— Task goal —
Copy the listing in full and exactly, omitting its images.

— Collected data —
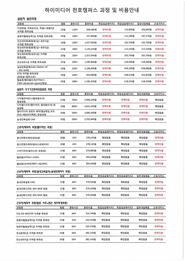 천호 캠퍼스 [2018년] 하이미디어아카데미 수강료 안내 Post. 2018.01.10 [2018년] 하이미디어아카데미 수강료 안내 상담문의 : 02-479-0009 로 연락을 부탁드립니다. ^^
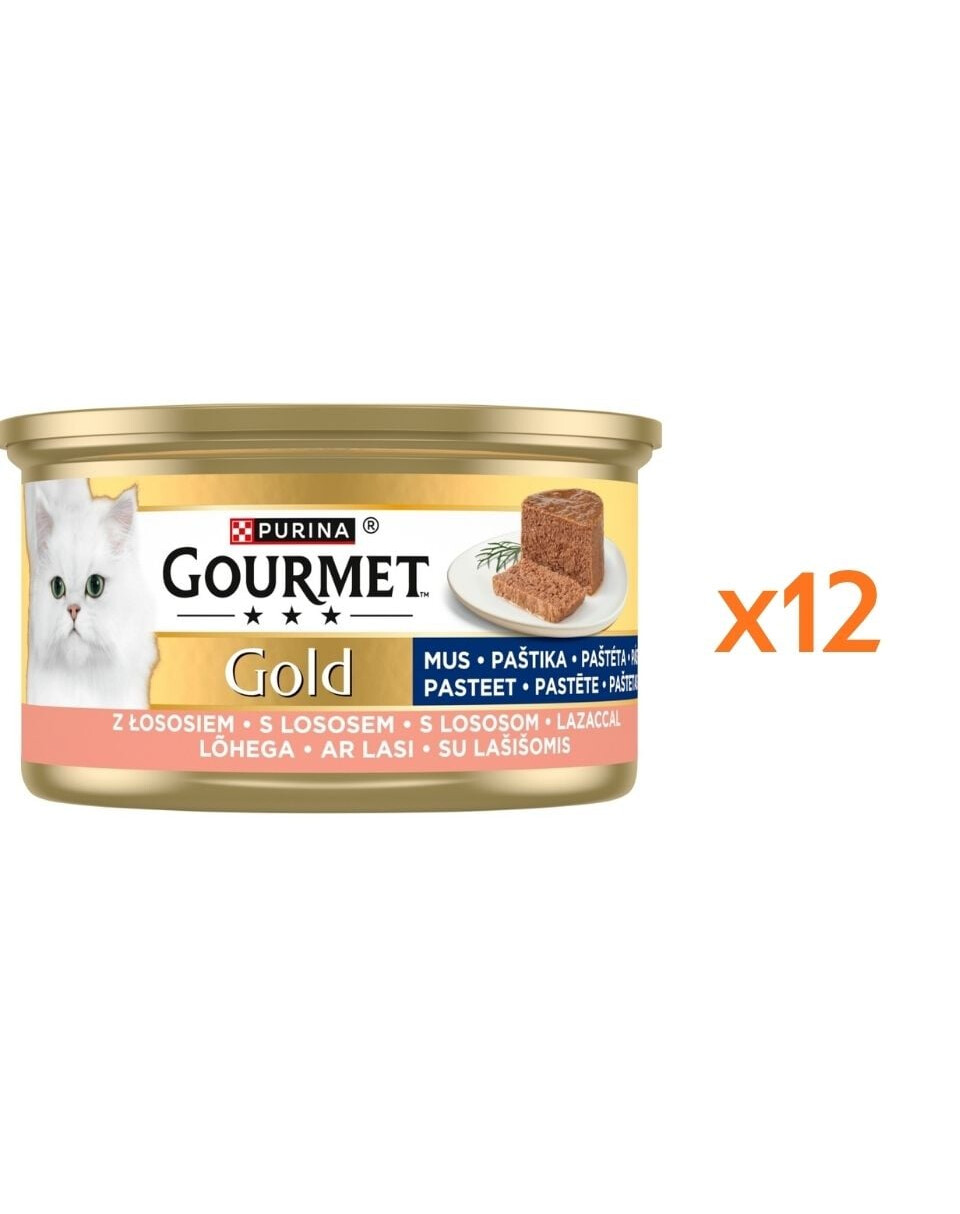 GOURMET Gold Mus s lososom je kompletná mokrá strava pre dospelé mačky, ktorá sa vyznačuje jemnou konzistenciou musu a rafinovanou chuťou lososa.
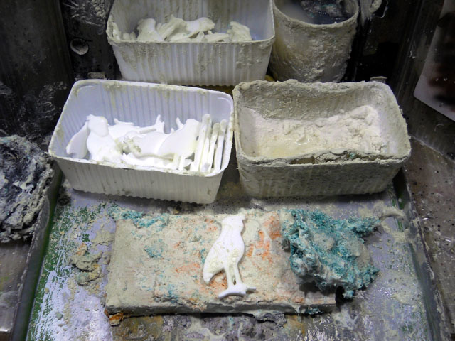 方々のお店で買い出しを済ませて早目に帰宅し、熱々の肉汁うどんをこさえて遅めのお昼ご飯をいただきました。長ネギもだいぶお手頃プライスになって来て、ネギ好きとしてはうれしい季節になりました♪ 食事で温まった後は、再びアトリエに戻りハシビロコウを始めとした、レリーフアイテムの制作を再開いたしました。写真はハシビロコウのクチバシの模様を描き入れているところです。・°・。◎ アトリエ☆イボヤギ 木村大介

— Exercise solution —
 천호 캠퍼스 [2018년] 하이미디어아카데미 수강료 안내 Post. 2018.01.10 [2018년] 하이미디어아카데미 수강료 안내 상담문의 : 02-479-0009 로 연락을 부탁드립니다. ^^
 GOURMET Gold Mus s lososom je kompletná mokrá strava pre dospelé mačky, ktorá sa vyznačuje jemnou konzistenciou musu a rafinovanou chuťou lososa.
 方々のお店で買い出しを済ませて早目に帰宅し、熱々の肉汁うどんをこさえて遅めのお昼ご飯をいただきました。長ネギもだいぶお手頃プライスになって来て、ネギ好きとしてはうれしい季節になりました♪ 食事で温まった後は、再びアトリエに戻りハシビロコウを始めとした、レリーフアイテムの制作を再開いたしました。写真はハシビロコウのクチバシの模様を描き入れているところです。・°・。◎ アトリエ☆イボヤギ 木村大介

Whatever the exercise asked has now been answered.